The other one is there because trn considers the Xref: line to
include the string "Xref: ", which has a colon in it! Many other
newsreaders look only at what follows the prefix of a header line,
so you would have them look for the regular expression
:.*:.*:.*:
instead, with only four colons, if you wanted
to junk articles crossposted to four or more groups.

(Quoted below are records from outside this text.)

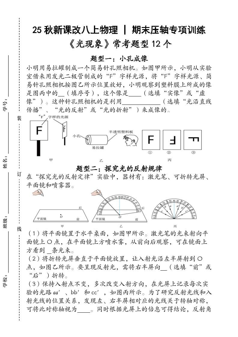 当前位置:首页学科年级八年级【2025秋新版】人教版八上物理_期末压轴专项训练《光现象》常考题型12个(含答案)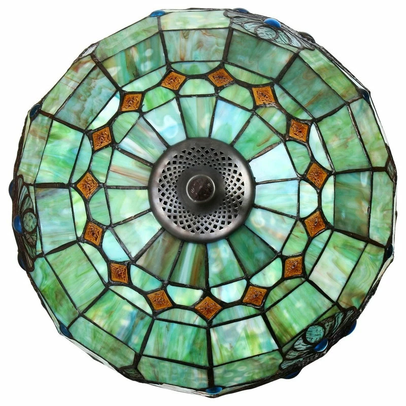 - Shade has beautiful colors of pearlized blue-green with blue cabachons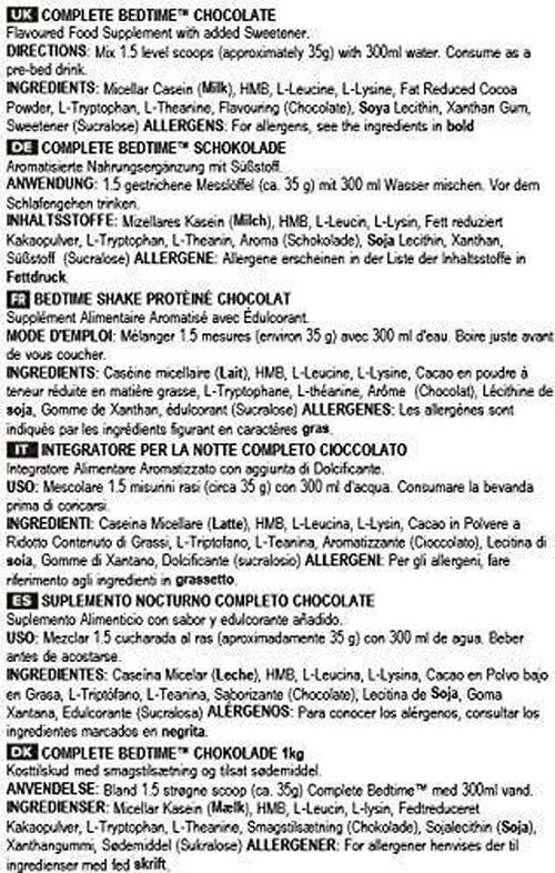 BULK POWDERS Complete Bedtime is a Micellar Casein based, night-time protein shake, providing an impressive 30g of protein per serving along with a range of other key nutrients and amino acids. Un Whey, Micellar Casein is a source of slow-digesting protein, contributing to the growth and maintenance of muscle mass. This makes Complete Bedtime the perfect supplement for those looking to lead and active and healthy lifestlye. In addition, Complete Bedtime contains Leucine and HMB an extremely popular supplement duo for heavy training individuals. Theanine, a natural constitute of tea; as well as Lysine, an essential amino acid found in foods such as beans, cheese and yoghurt; have also been added to round off this impressive formula. Low in fat and carbohydrates, Complete Bedtime is available in range of delicious flavours.
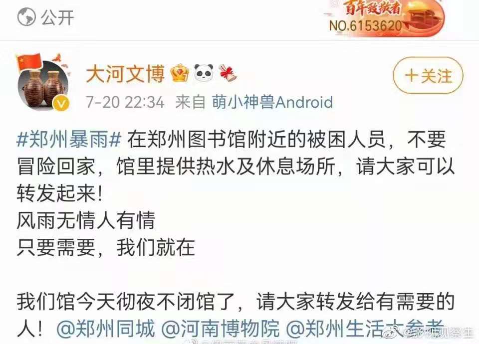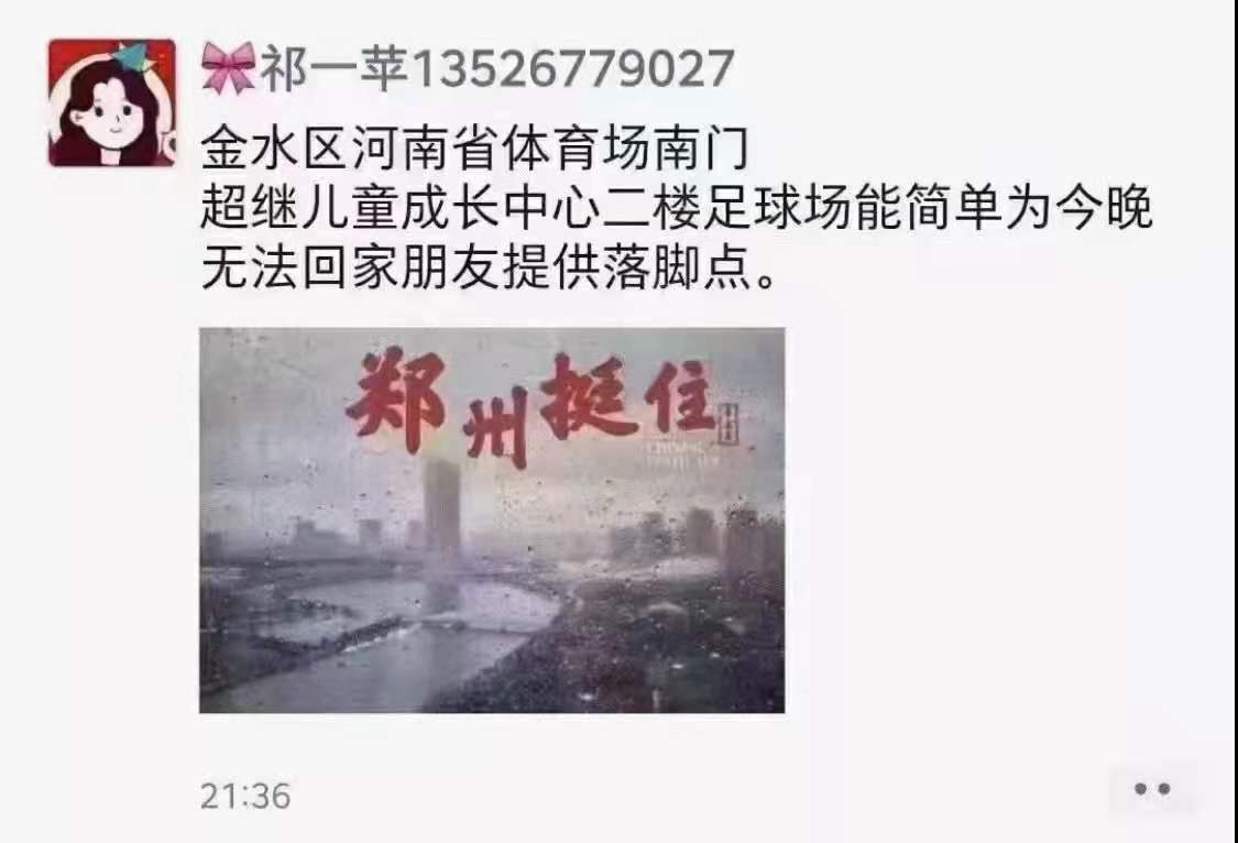 一方有難 八方支援 一時(shí)間 全國(guó)各地人員、物資緊急集結(jié) 馳援河南 幫助當(dāng)?shù)厥転?zāi)群眾渡過難關(guān) 危難關(guān)頭,有人挺身而出,冒雨守護(hù); 有人匯聚微光,風(fēng)雨同行。 風(fēng)雨面前一起扛! 有來自四面八方的支援,同時(shí)也有我們鄭州開展的自救和互助。7月20日,因雨勢(shì)太大和城市交通停滯,大量的市民流落在外無法回家,當(dāng)晚朋友圈避難救助信息不斷刷屏。

However you filter massive crossposts, you will probably find
that an extraordinary amount of garbage goes down the drain. In
many newsgroups, a large fraction of the total traffic simply
disappears, and it is usually a fraction that includes little or
nothing of interest and much that is annoying.
Contents
Faster versions
I have since read, in Terje Bless's YA-NewsWatcher FAQ and
Stefan Haller's MacSOUP manual, that to match this sort of regular
expression more efficiently, it is better to specify that the
strings of arbitrary characters can contain any character other
than a comma or colon, as the case may be. That way, there are
fewer ways that the regular expression could possibly match the
string; the algorithm doesn't have to back up and try lots of
different possibilities, so the matching takes fewer processor
cycles. The difference could be very large if the number of
crossposted groups you can tolerate is large.
It's not hard to do this with regular expressions, though the
resulting expressions look a little more cryptic. Recall that
- Square brackets can be used to indicate sets of possible
characters.
- If the first character between square brackets is a caret, it
means "any character except".
"[^,]" is "any character except a comma", and "[^:]" is "any
character except a colon". So a faster version of the
crosspost-killing filter, for trn, would be
/,[^,]*,[^,]*,/Hnewsgroups:j
(which means "three commas separated by any
number of things other than commas") or
/:[^:]*:[^:]*:[^:]*:[^:]*:/Hxref:j
("five colons separated by any number of
things other than colons").
- "+" means "one or more instances of the preceding".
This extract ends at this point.